Commonly used assessment methods include Mallampati grading, mouth opening, nail and jaw distance, temporomandibular joint mobility, C-L classification, etc.
, but the sensitivity and specificity of a single assessment index to predict difficult airways are not high
.

While ultrasonography can observe and measure the structure and distance of airway-related tissues, Parameswari et al.
studied 130 patients with selective general anesthesia surgery, and observed that ultrasonography measured the level of the thyrohyoid periosteum skin to epiglottis < 18mm distance to predict intubation difficulties<b10>.
Of course, ultrasonography to locate the hyoid bone to measure the distance between the tongue and chin can also predict difficult airways
.
Endotracheal intubation is a common method of airway management, and it is important
to determine the location of the endotracheal tube quickly and accurately.
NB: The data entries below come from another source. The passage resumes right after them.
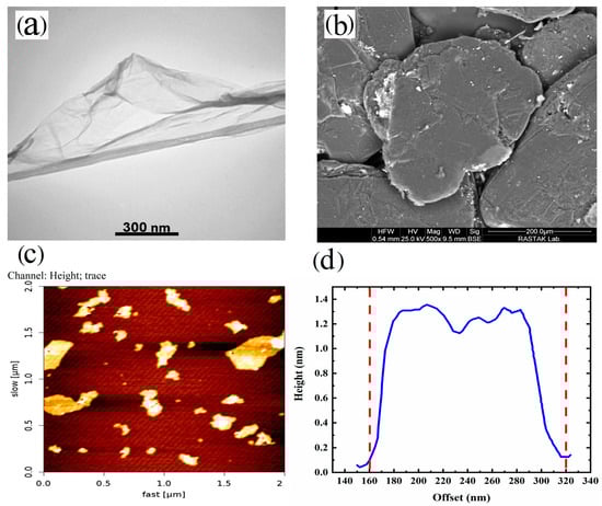 Figure 2. (a) TEM micrograph of GO, (b) FE-SEM image of graphite, (c) AFM image of GO, and (d) height profile of GO nanoplatelets.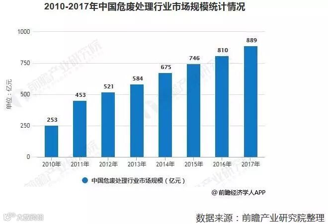 我国危废处理行业自2001年左右起步,经过十多年的发展,行业进入快速增长阶段,但也存在经验和技术上的短板。由于我国危废整体处置率较低,使得行业市场规模较小。据前瞻产业研究院发布的《中国危废处理行业市场前瞻与投资战略规划分析报告》统计数据显示,2010年中国危废处理行业市场规模仅仅为253亿元,2011年中国危废处理行业市场规模增长至453亿元。之后一直保持平稳增长,到了2016年中国危废处理行业市场规模突破800亿元,截止到2017年中国危废处理行业市场规模达到了约889亿元。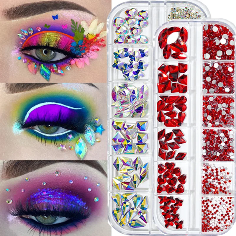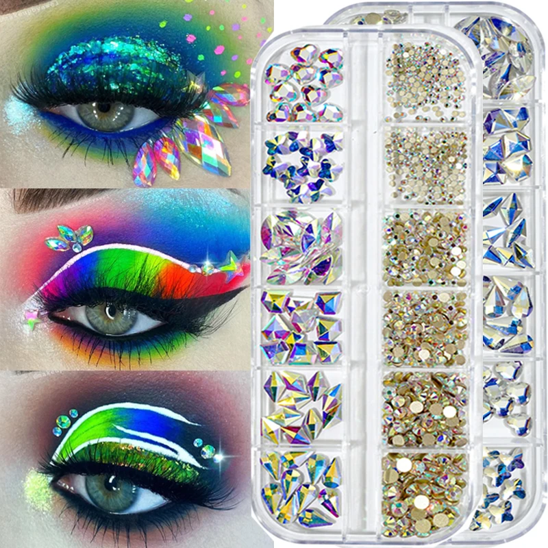 3D тени для век Стразы красочные кристаллы AB нестандартные драгоценные камни смешанного размера с плоской задней стороной украшения для ногтей ювелирные изделия сделай сам макияж для глаз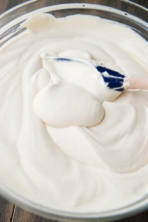 Взбить сливки до пиков. И потом аккуратно в 2 приёма добавить их в крем, перемешивая лопаточкой.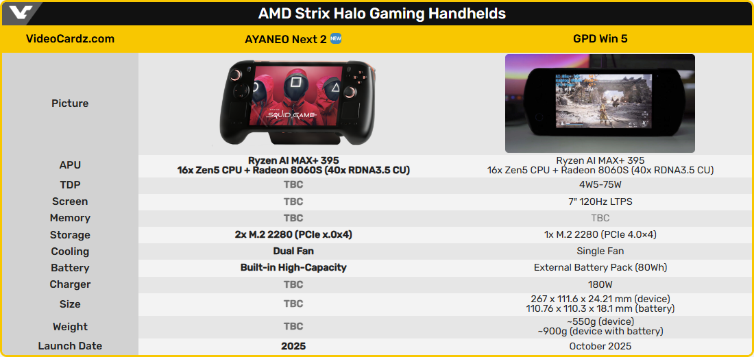 Производители портативных игровых систем готовятся взять на вооружение процессоры AMD Ryzen AI Max 300 (Strix Halo) с мощной встроенной графикой. Недавно устройство на базе этой платформы представила компания GPD, а теперь к ней присоединилась фирма AyaNeo. В отличие от конкурента, её новинка получила встроенный аккумулятор, пусть и за счёт больших габаритов.
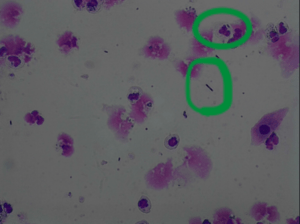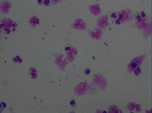 - 尿検査: 尿中に細菌と白血球、細菌の貪食像がみられました(画像参照)。
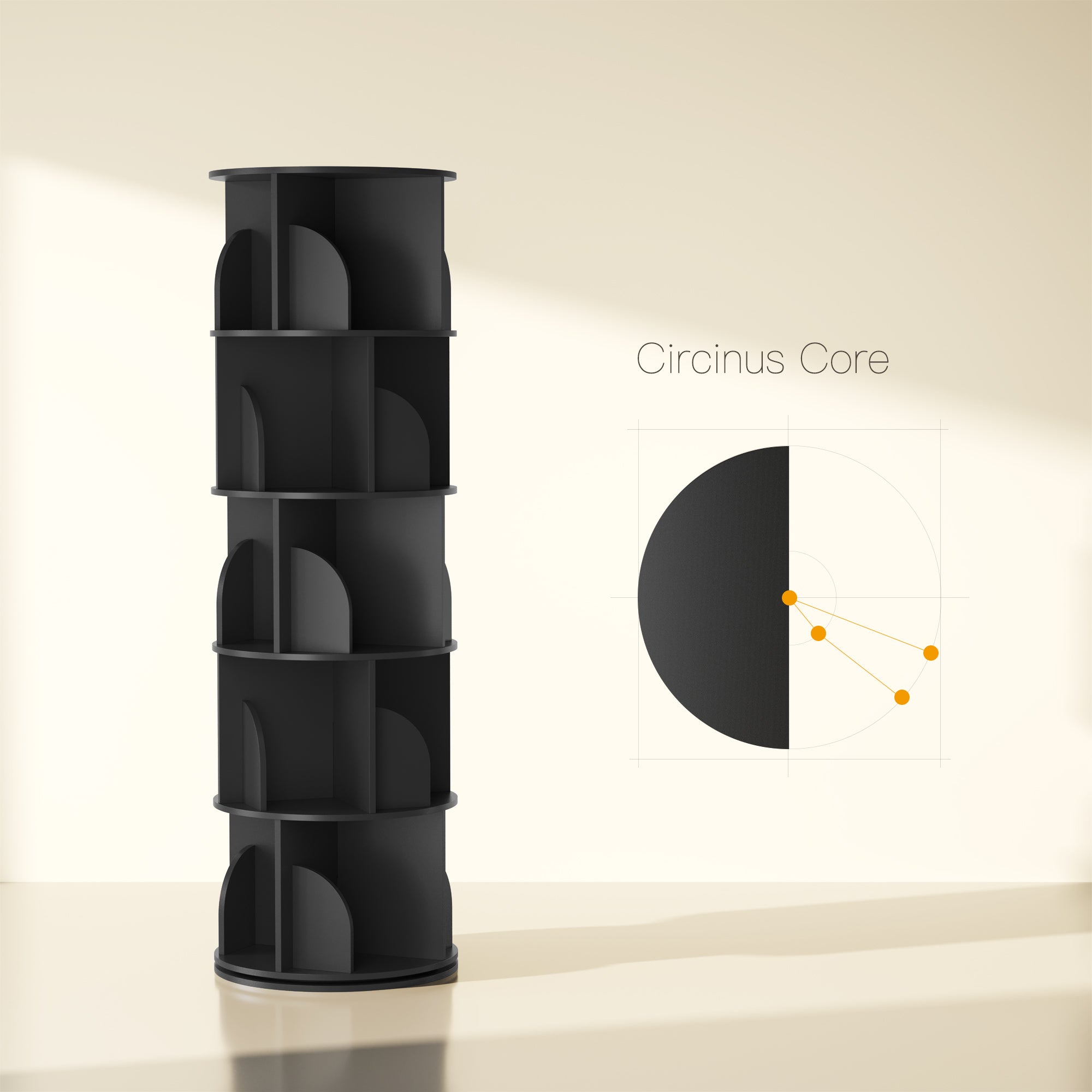 YOWOS Vortexシリーズ Circinus Core 360​​°回転式本棚 木製 ブラック 5段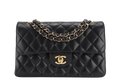 CHANEL CLASSIC FLAP SMALL BLACK LAMBSKIN GOLD HARDWARE WITH (1547xxxx) WITH DUST COVER AND BOX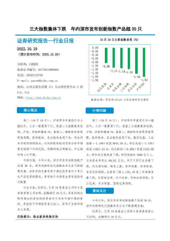 【大同证券】【20221019】非银金融行业日报:三大指数集体下跌 年内深市发布创新指数产品超30只-10页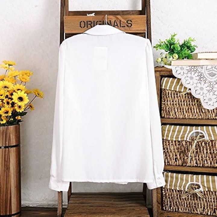 「XSサイズ(約)」着丈58cm 袖丈58cm 胸囲86cm 肩幅36cm「Sサイズ(約)」着丈59cm 袖丈59cm 胸囲90cm 肩幅37cm 「Mサイズ(約)」着丈60cm 袖丈60cm 胸囲94cm 肩幅38cm 「Lサイズ(約)」着丈61cm 袖丈:61cm 胸囲98cm 肩幅39cm「XLサイズ(約)」着丈62cm 袖丈62cm 胸囲102cm 肩幅40cm 「2XLサイズ(約)」着丈65cm 袖丈64cm 胸囲108cm 肩幅41cm「3XLサイズ(約)」着丈67cm 袖丈65cm 胸囲114cm 肩幅42cm 「素材」ポリエステル 「カラー」ホワイト リボンとブラウスのコーディネートが可愛いらしい、ボウタイ付きのシフォンシャツです。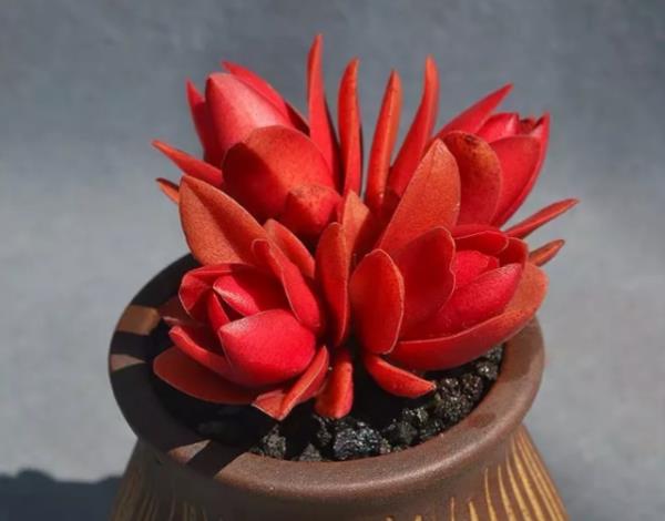 火祭又叫秋火莲、红景天,是景天科青锁龙属多肉植物。火祭容易丛生,它的肉质叶片呈长圆形,交互对生紧密的排列在一起,使植株呈四棱状。火祭的叶面有毛点,在阳光充足、昼夜温差大的环境下,叶色由浅绿色变成深红色,如燃烧的火焰般鲜红夺目,给人一种蓬勃向上、热情奔放的感觉,颇具热带风情,令人眼前一亮,极富感染力和活力。

Ultrasonography can directly display airway anatomical images and confirm the location of the endotracheal catheter in
real time.
Some scholars used ultrasound to observe the "pulmonary sliding sign" and diaphragm movement in children, and compared auscultation and observation of the "pulmonary sliding sign" to judge the position of the tracheal catheter, and the results showed that the observation of the "pulmonary sliding sign" by ultrasonography was more accurate than auscultation to determine the optimal position
of the tracheal catheter.

8.
Application of lung ultrasonography in the perioperative period

Lung ultrasonography (LUS) has good diagnostic sensitivity and specificity, and the perioperative period is mainly used in the diagnosis and differentiation
of various chest diseases such as pneumothorax, atelectasis, pulmonary edema, ventilator-associated pneumonia, pulmonary congestion and fibrosis, and pulmonary embolism.
Compared with traditional X-ray photography and CT examination, LUS has the advantages
of fast and convenient, real-time non-invasive, and low price.
Pneumothorax is one of the most common causes of acute dyspnea, and LUS is primarily judged
by signs such as "pulmonary sliding signs," B-line, A-line, pulmonary point, and pulmonary pulse.

Zhang et al.
have found that LUS is highly sensitive and specific for pneumothorax diagnosis and avoids ionizing radiation compared to CT scans with the gold standard for pneumothorax diagnosis, especially in newborns
.
In patients with mechanical ventilation, lung tissue is at risk of alveolar collapse and is prone to atelectasis, leading to hypoxemia
.
Monastesse et al.
, conducted a study involving 30 patients with laparoscopic surgery and found that changes in LUS scores were associated with changes in oxygenation, and determined that the application of LUS could detect perioperative atelectasis
in time.

In summary, ultrasound imaging technology has been more and more used
in clinical anesthesia work because of its advantages of real-time, convenient and non-invasive.
The application of ultrasonography has greatly improved the safety and comfort of anesthesia
.
Due to the highly specialized nature of ultrasound technology, its application in clinical anesthesia work is still subject to many limitations
.
This puts forward higher requirements for anesthesiologists, requiring anesthesiologists to continuously learn and strive to expand their
knowledge.
Clinical anesthesia has entered the era of visualization, with the continuous development and improvement of ultrasound medicine and ultrasound equipment, as well as the unremitting efforts of anesthesiologists, the application of ultrasound imaging technology in clinical anesthesia will surely step to a new level
.

Source: Huang Ziling,Zhao Ning.
Research Progress on Independent Component Analysis of Poststroke Functional Networks[J].
Journal of Medical Imaging,2022,32(03):519-522.